Assigned task :: Repeat exactly the lines of the entries below from the one with "Catman's new men's" through the one with "シュールで大胆な、シネマティックなレトロホラーの美的感覚。", both ends included, and nothing else.

Records shown ::
_ _ _
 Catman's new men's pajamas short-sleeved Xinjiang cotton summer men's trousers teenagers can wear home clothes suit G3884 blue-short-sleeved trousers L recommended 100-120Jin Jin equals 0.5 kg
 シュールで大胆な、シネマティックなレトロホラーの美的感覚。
_ _ _
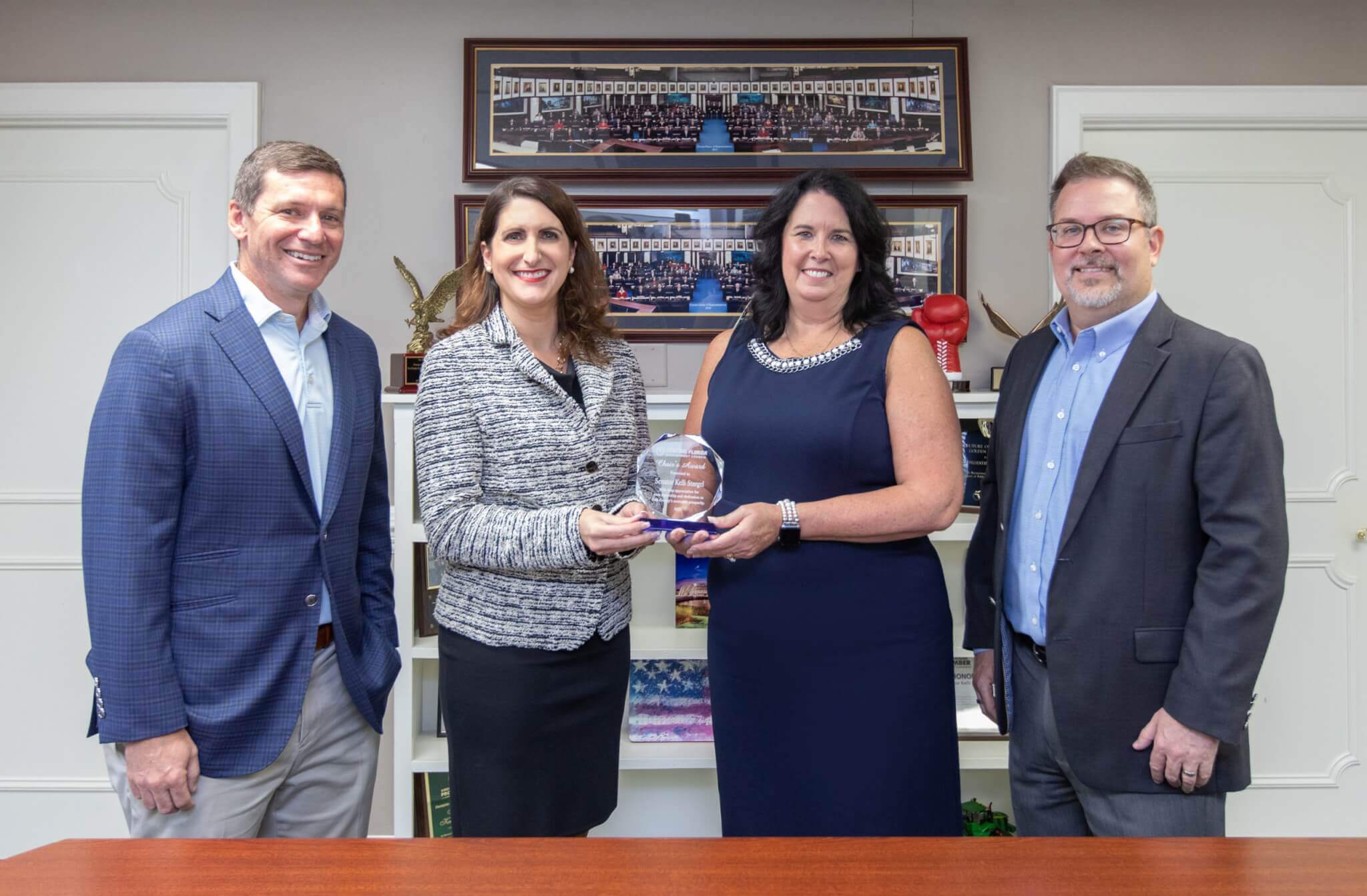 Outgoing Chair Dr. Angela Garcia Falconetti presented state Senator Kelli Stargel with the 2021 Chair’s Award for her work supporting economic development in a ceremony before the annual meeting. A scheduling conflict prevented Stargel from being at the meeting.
_ _ _
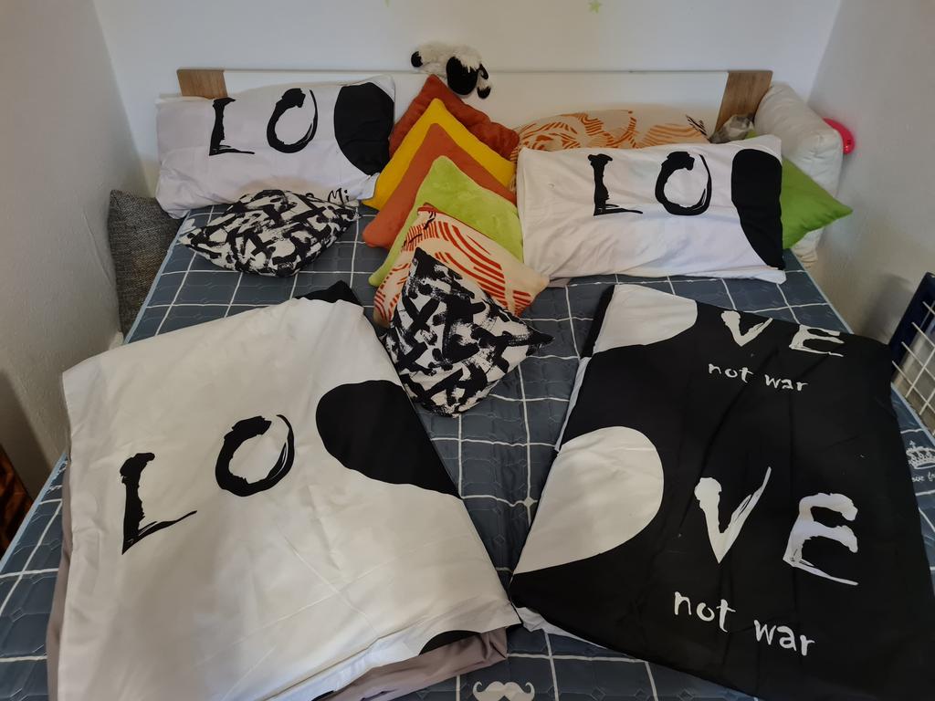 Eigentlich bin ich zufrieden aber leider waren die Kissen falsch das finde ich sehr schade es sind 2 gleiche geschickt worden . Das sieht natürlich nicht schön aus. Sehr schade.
_ _ _
Output for this exercise ::
 Catman's new men's pajamas short-sleeved Xinjiang cotton summer men's trousers teenagers can wear home clothes suit G3884 blue-short-sleeved trousers L recommended 100-120Jin Jin equals 0.5 kg
 シュールで大胆な、シネマティックなレトロホラーの美的感覚。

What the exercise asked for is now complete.